_Information supplied_
· · · · · · ·
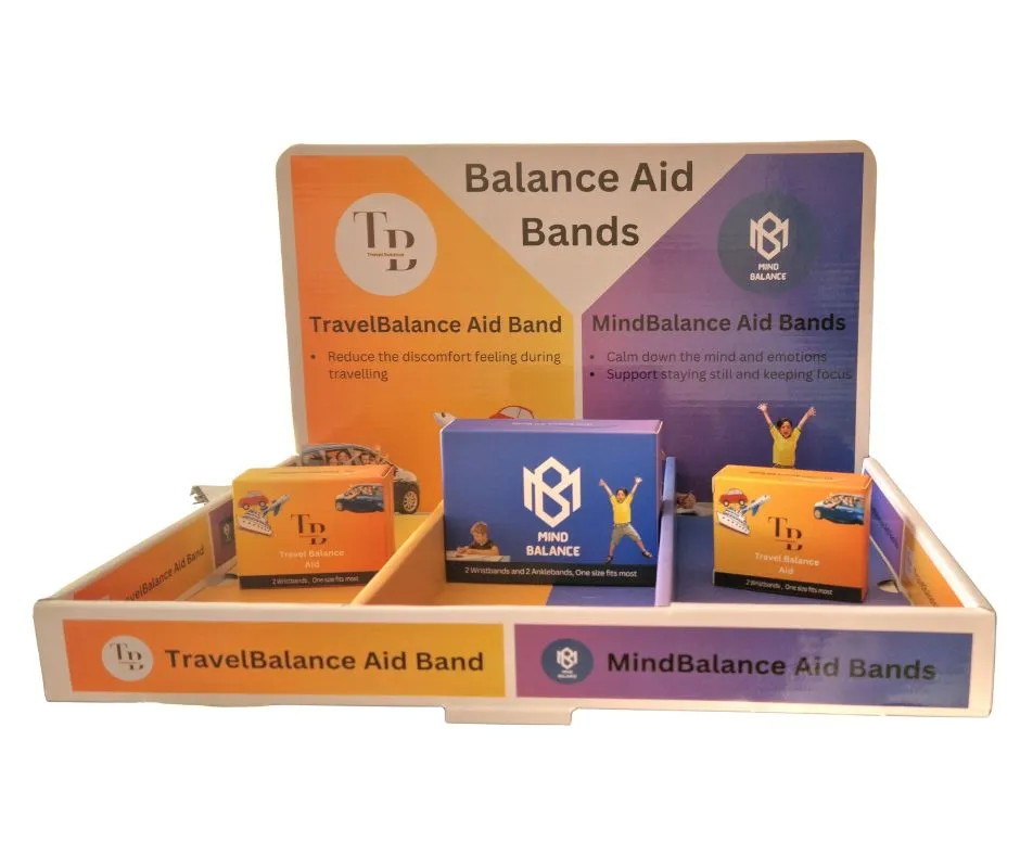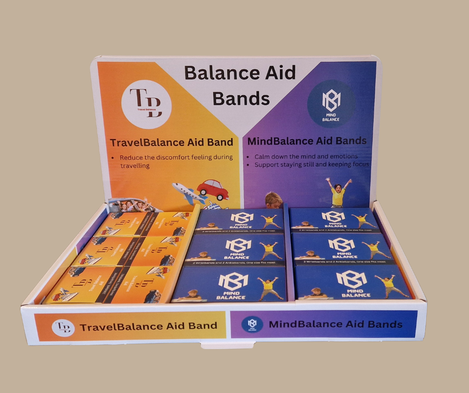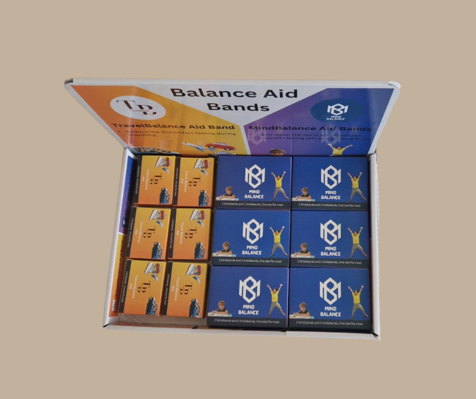 Display box 1 – 6 MindBalance Aid Bands and 6 Travel Balance Aid Bands
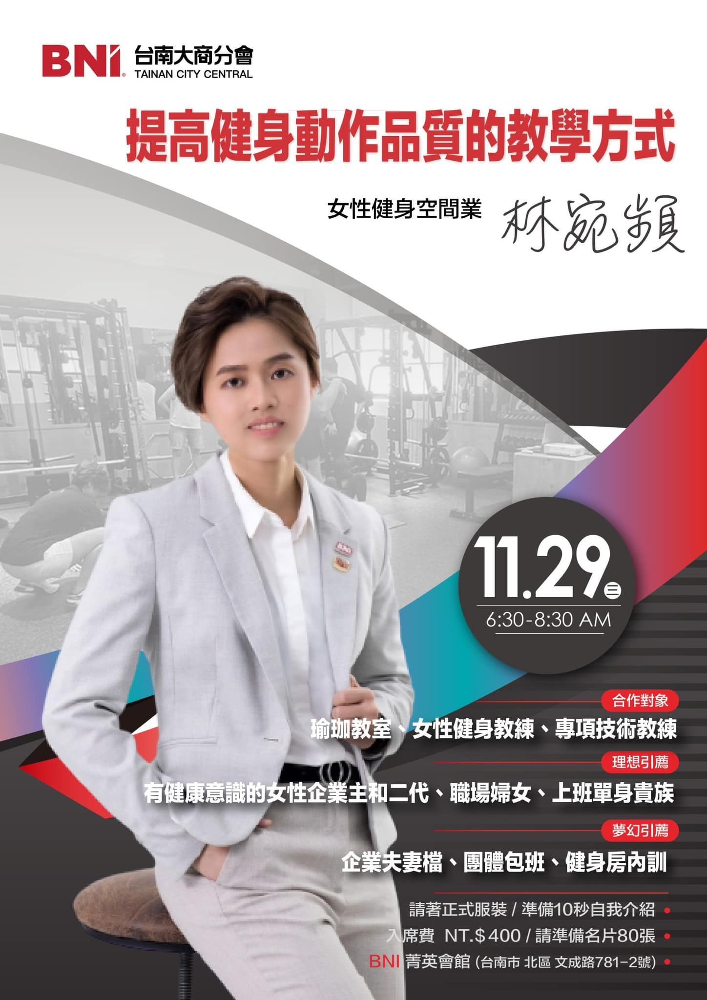 想知道更多女性健身相關資訊和如何變的又美又健康嗎?11/29(三)誠摯邀請您一同來聆聽~
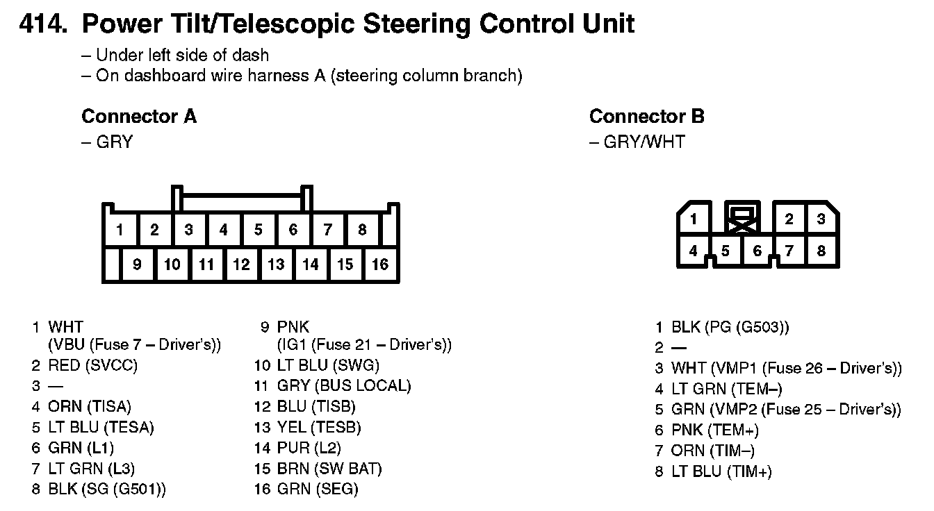 414. Power Tilt/Telescopic Steering Control Unit:
· · · · · · ·
_Work to complete_
The whole listing must be transcribed exactly. No pictures belong in the copy.

_Solution below_
 Display box 1 – 6 MindBalance Aid Bands and 6 Travel Balance Aid Bands
 想知道更多女性健身相關資訊和如何變的又美又健康嗎?11/29(三)誠摯邀請您一同來聆聽~
 414. Power Tilt/Telescopic Steering Control Unit:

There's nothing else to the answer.